▶ _Data shown_
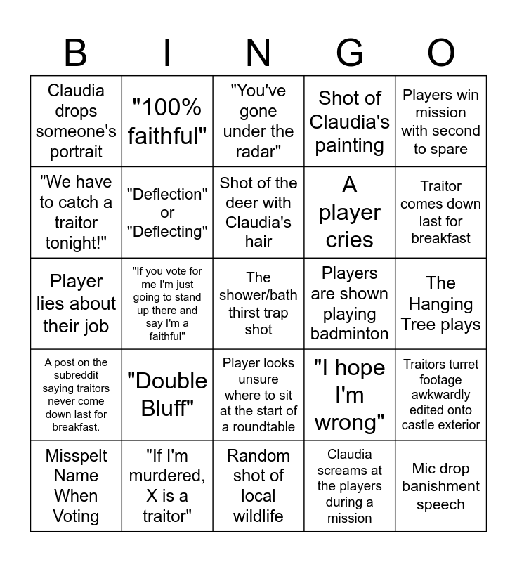 This bingo card has a free space and 24 words: Misspelt Name When Voting, "Double Bluff", Shot of the deer with Claudia's hair, Claudia screams at the players during a mission, Players win mission with second to spare, Claudia drops someone's portrait, "100% faithful", "You've gone under the radar", Players are shown playing badminton, The Hanging Tree plays, Player lies about their job, "Deflection" or "Deflecting", "I hope I'm wrong", Traitors turret footage awkwardly edited onto castle exterior, "We have to catch a traitor tonight!", "If I'm murdered, X is a traitor", Random shot of local wildlife, Shot of Claudia's painting, Traitor comes down last for breakfast, A post on the subreddit saying traitors never come down last for breakfast., "If you vote for me I'm just going to stand up there and say I'm a faithful", Player looks unsure where to sit at the start of a roundtable, A player cries and Mic drop banishment speech.
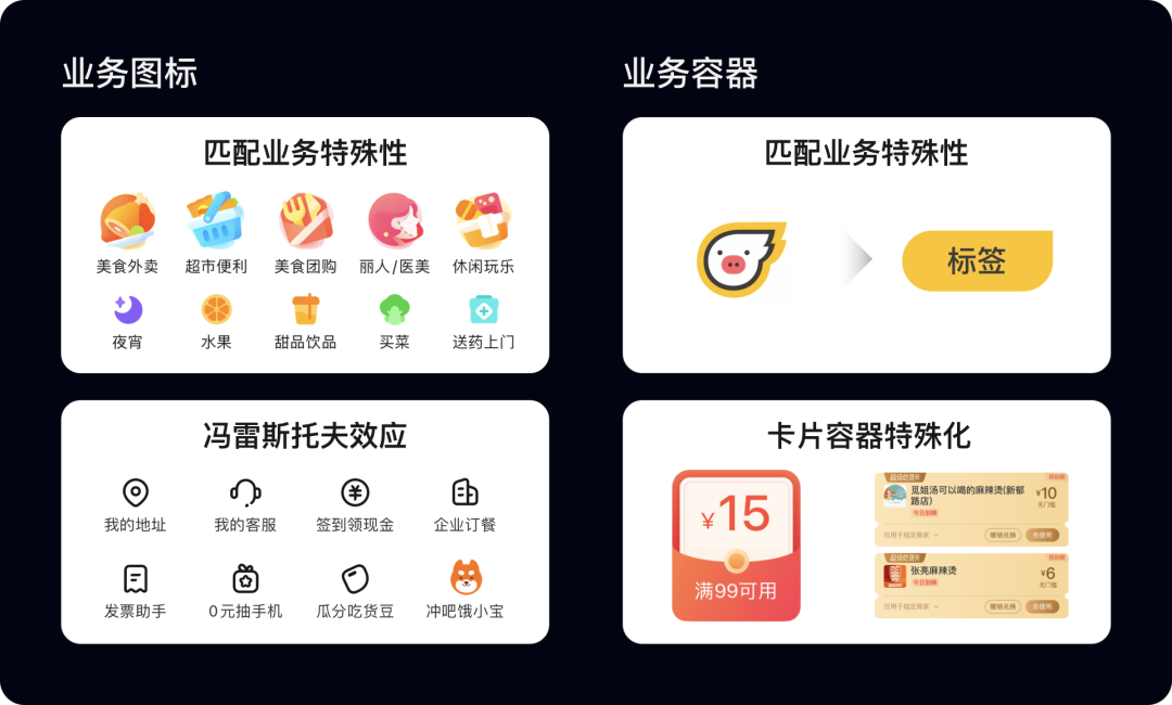 在业务层,按业务特性需强化图标,或借容器表达业务的特殊性,帮助提升业务感知和吸引力。
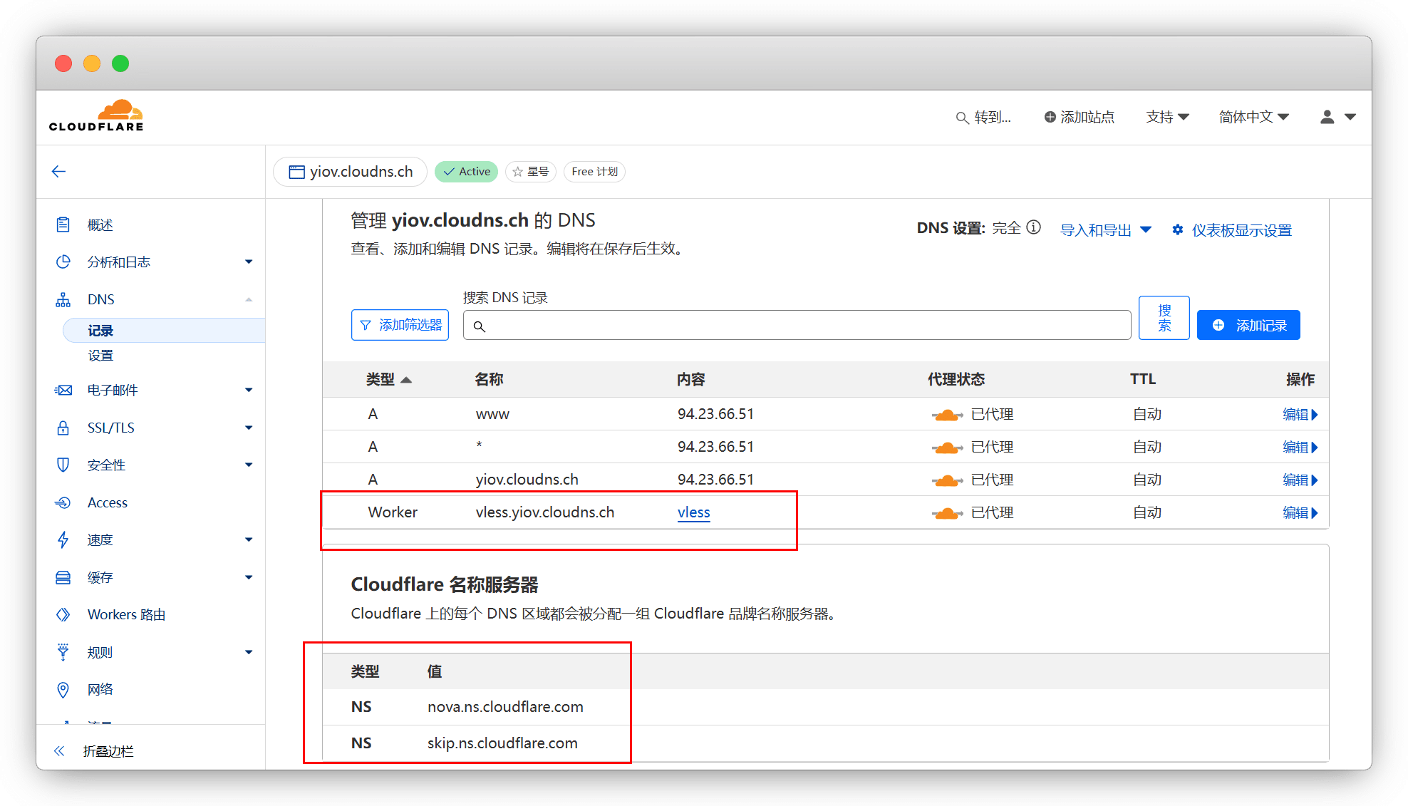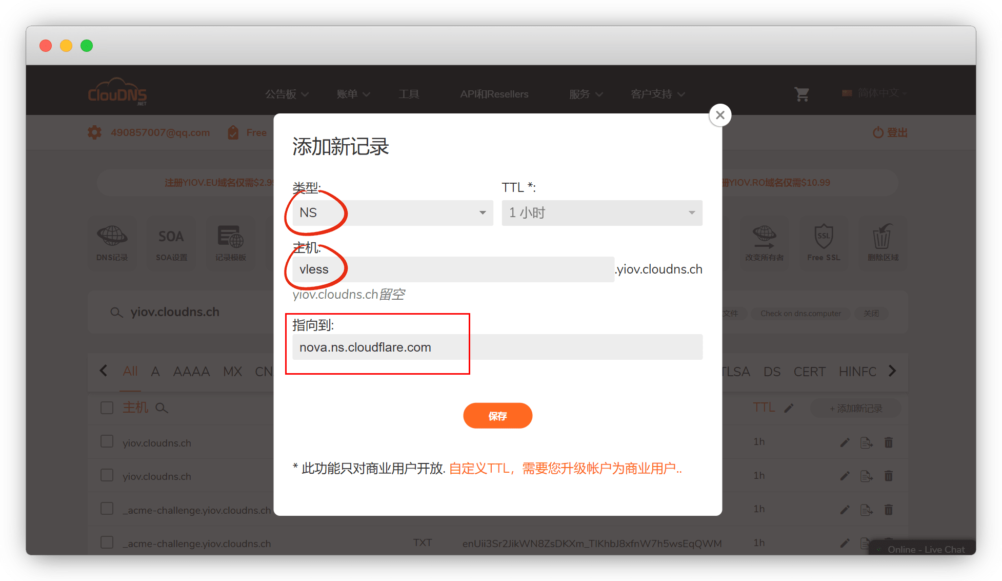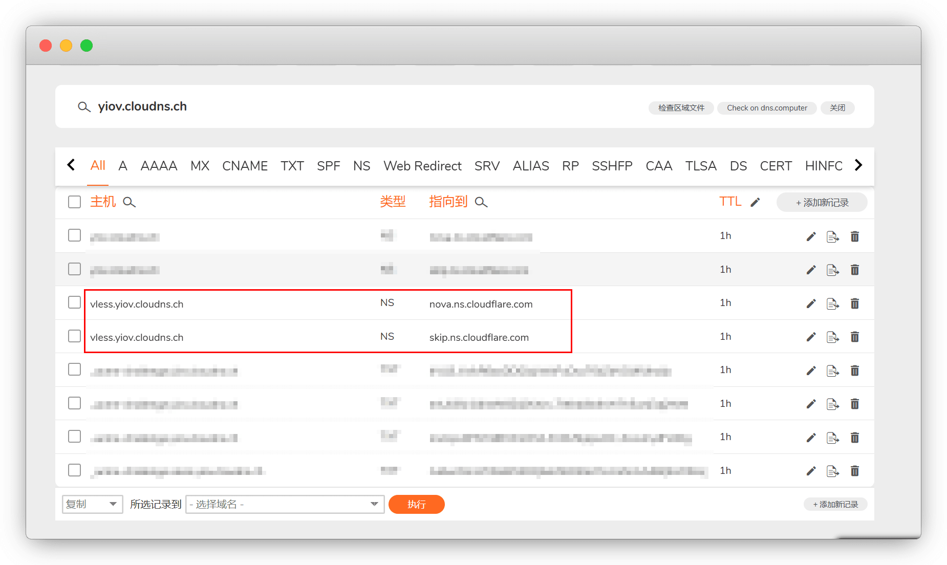 在ClouDNS中添加新记录,类型 NS,主机为你设置的前缀,指向为CloudFlare的NS地址
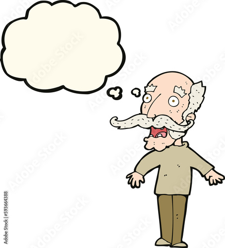 cartoon old man gasping in surprise with thought bubble
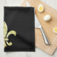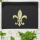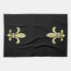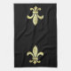 16” x 24” black kitchen towel with an image on both ends of a gold leaf fleur de lis. See matching cloth napkin, paper cocktail napkin, cloth placemat, paper placemat and coasters. See the entire Cancan Kitchen Towel collection in the FOOD/BEV | Linens section.

▶ _Description of the task_
The data shown above must be printed again exactly, with no images included.

▶ _Result_
 This bingo card has a free space and 24 words: Misspelt Name When Voting, "Double Bluff", Shot of the deer with Claudia's hair, Claudia screams at the players during a mission, Players win mission with second to spare, Claudia drops someone's portrait, "100% faithful", "You've gone under the radar", Players are shown playing badminton, The Hanging Tree plays, Player lies about their job, "Deflection" or "Deflecting", "I hope I'm wrong", Traitors turret footage awkwardly edited onto castle exterior, "We have to catch a traitor tonight!", "If I'm murdered, X is a traitor", Random shot of local wildlife, Shot of Claudia's painting, Traitor comes down last for breakfast, A post on the subreddit saying traitors never come down last for breakfast., "If you vote for me I'm just going to stand up there and say I'm a faithful", Player looks unsure where to sit at the start of a roundtable, A player cries and Mic drop banishment speech.
 在业务层,按业务特性需强化图标,或借容器表达业务的特殊性,帮助提升业务感知和吸引力。
 在ClouDNS中添加新记录,类型 NS,主机为你设置的前缀,指向为CloudFlare的NS地址
 cartoon old man gasping in surprise with thought bubble
 16” x 24” black kitchen towel with an image on both ends of a gold leaf fleur de lis. See matching cloth napkin, paper cocktail napkin, cloth placemat, paper placemat and coasters. See the entire Cancan Kitchen Towel collection in the FOOD/BEV | Linens section.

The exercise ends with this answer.